The PKG variable is used in any command where a package path is expected.
You can override the package to build/test/vet/etc. with PKG=./cmd/foo.
The OUT variable controls the name of the resulting binary. By default it's set to . so that all binaries built with ./... get names automatically based on their directory names.
Build tags are controlled with the TAGS variable.
Setting the RACE variable to anything will build with -race.
Setting the DEBUG variable to anything will build with optimisations and inlining disabled. Otherwise builds are done in "release" mode where paths are trimmed, and the symbol table and DWARF generation is disabled.

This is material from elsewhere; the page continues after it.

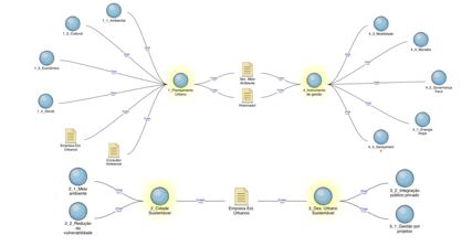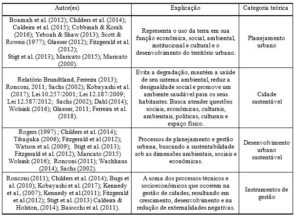 O planejamento urbano apresenta a importância do uso da terra em sua função econômica, social, ambiental, institucional e cultural e o desenvolvimento do território urbano. Já a categoria teórica da cidade sustentável busca evitar a degradação e mantém a saúde de seu sistema ambiental. Busca-se reduzir a desigualdade social por meio de um ambiente saudável para os seus habitantes. O desenvolvimento urbano sustentável apresenta a design de processos de planejamento e gestão urbana, com foco na sustentabilidade sob as dimensões ambientais, sociais e econômicas. Por último a categoria de instrumentos de gestão está relacionada aos processos técnicos e socioeconômicos que ocorrem na gestão de cidades, resultando em crescimento, desenvolvimento e na redução de externalidades negativas.

The OPTIMISATIONS variable controls the package pattern to use when printing compiler optimisation decisions. For example, make OPTIMISATIONS=./internal/foo will build with -gcflags "./internal/foo=-m".
The CHECK_BCE variable controls the package pattern to use when printing compiler bounds check elimination decisions. For example, make CHECK_BCE=./internal/foo will build with -gcflags "./internal/foo=-d=ssa/check_bce".
The benchmark count can be set via the BENCH_COUNT variable.
If any binaries expect to be a Windows GUI without a terminal/console attached then setting the WINDOWSGUI variable to anything will build with -ldflags "-H windowsgui".
For all available make rules check the Makefile in the root of the project.
Tenants
This project implements a multi-tenant application server, where tenants are controlled through a configuration file.
Tenant configuration is stored in the data directory's tenants.json file in the following format:
{
"app1": {
"hostnames": {
"foo.com": "site",
"app.foo.com": "pwa"
}
},
"app2": {
"hostnames": {
"bar.com": "site",
"app.bar.com": "pwa"
}
}
}
The top-level keys (e.g. "app1") describe a unique tenant name. This can be anything you like and is used to group things like hostname configuration for a tenant.
The "hostnames" key within a tenant object is used to describe all of the hostnames that should resolve to the parent tenant. Hostnames are described as key/value pairs where the key is the hostname and the value is the type of application the hostname serves.
The application type (e.g. "site", "pwa") is used during tenant setup at runtime to configure routers etc.
Currently, the tenants.json file is only read once at application startup, so any changes require a restart of the whole application.